歩くことは大切なことですが、それ自体が体に負担をかける恐れもあることはご理解いただけたでしょうか?私の知人にも「今日は何万歩歩いた!」とあたかも歩いた歩数が健康に良いことをしたことの様に伝えてくる方が多いですが、歩数よりもその内容の方がより大切な時もあります。例えばショッピングモールに行って歩いた場合ですが、ハンドバッグ(またはショッピングバッグ)を片手に持ちタラタラと歩いても、それは私の言う「歩く」ということとは全く違ったものです。逆にその様な歩き方で長時間歩けば体に負担がかかり、膝や股関節、腰、さらには首肩などを傷めてしまう原因にもなりかねないです。歩くときに振るということはそれだけ重要なことなのです。
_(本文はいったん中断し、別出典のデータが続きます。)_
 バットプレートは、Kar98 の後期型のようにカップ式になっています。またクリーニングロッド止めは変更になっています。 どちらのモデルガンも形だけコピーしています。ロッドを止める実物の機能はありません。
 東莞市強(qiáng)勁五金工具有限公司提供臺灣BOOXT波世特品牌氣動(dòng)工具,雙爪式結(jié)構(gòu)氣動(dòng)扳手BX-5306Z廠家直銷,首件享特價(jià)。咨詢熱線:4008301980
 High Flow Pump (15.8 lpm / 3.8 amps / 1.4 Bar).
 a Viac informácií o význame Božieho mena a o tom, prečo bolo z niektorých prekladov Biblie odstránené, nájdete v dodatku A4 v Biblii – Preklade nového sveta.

腕を振って歩くことの重要性をご理解していただいたところで、ここでバッグのお話をしたいと思います。普段さりげなく持つバッグによってこの自然な運動連鎖が大きく影響を受けます。先に話したハンドバッグ、トートバッグ、ショッピングバッグなどは特に影響をおよぼします。こうしたバッグを肩にかける、または手に持つと腕を普通に振ることは出来なくなってしまいます。ですのでお出かけの際にはバックパック、または小さめのクロスボディーのバッグをお勧めしています。これらのバッグであれば両腕を自由に振ることができますし、歩くときの自然な動作が妨げられることも最小限で済みます。
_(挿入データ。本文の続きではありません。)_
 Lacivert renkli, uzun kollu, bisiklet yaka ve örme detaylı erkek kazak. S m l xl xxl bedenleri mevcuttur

バッグを持たない状態で今度一度手ぶらで歩く時に自分の歩き方に気を配ってみてください。ちゃんと腕は振れていますか?首肩はリラックスできていますか?骨盤と肩は上手くねじれ運動ができていますか?右左右左と重心移動がスムーズに出来ていますか?余計な力が入ってないですか?普段何気なく行なっている歩くと言う動作に意識を傾けると色んなとことに気づくのでは無いでしょうか?そして次にカバンを片手に持って歩いてみてください。感じるはずですスムーズな動きが妨げられること、余計な緊張が生まれること、そしてより多くのエネルギーを要することを。もちろんファション性でバッグを選ばなくてはいけないシチュエーションもあるでしょうし、荷物を持たないといけない時もあると思います。しかしその必要性が無い時は極力バックパック(またはクロスボディのバック)にして腕を大きく振って歩くことを心がけてみてください。意外とそれだけで今まで悩んでいた痛みから解放されることもあるかもしれません。

図2、

腕の振りを妨げ自然な運動連鎖が出来なくなるバッグの例;1ハンドバッグ;2ショッピングバッグ;3トートバッグ;4ショルダーバッグ;5バッグではありませんが手をポケットに入れて歩く;6本文中には紹介しませんでしたがキャスター付きバッグは重い荷物を運ぶ時には体の負担が少なく良いのですが、長い距離を歩く時の使用は気をつけましょう。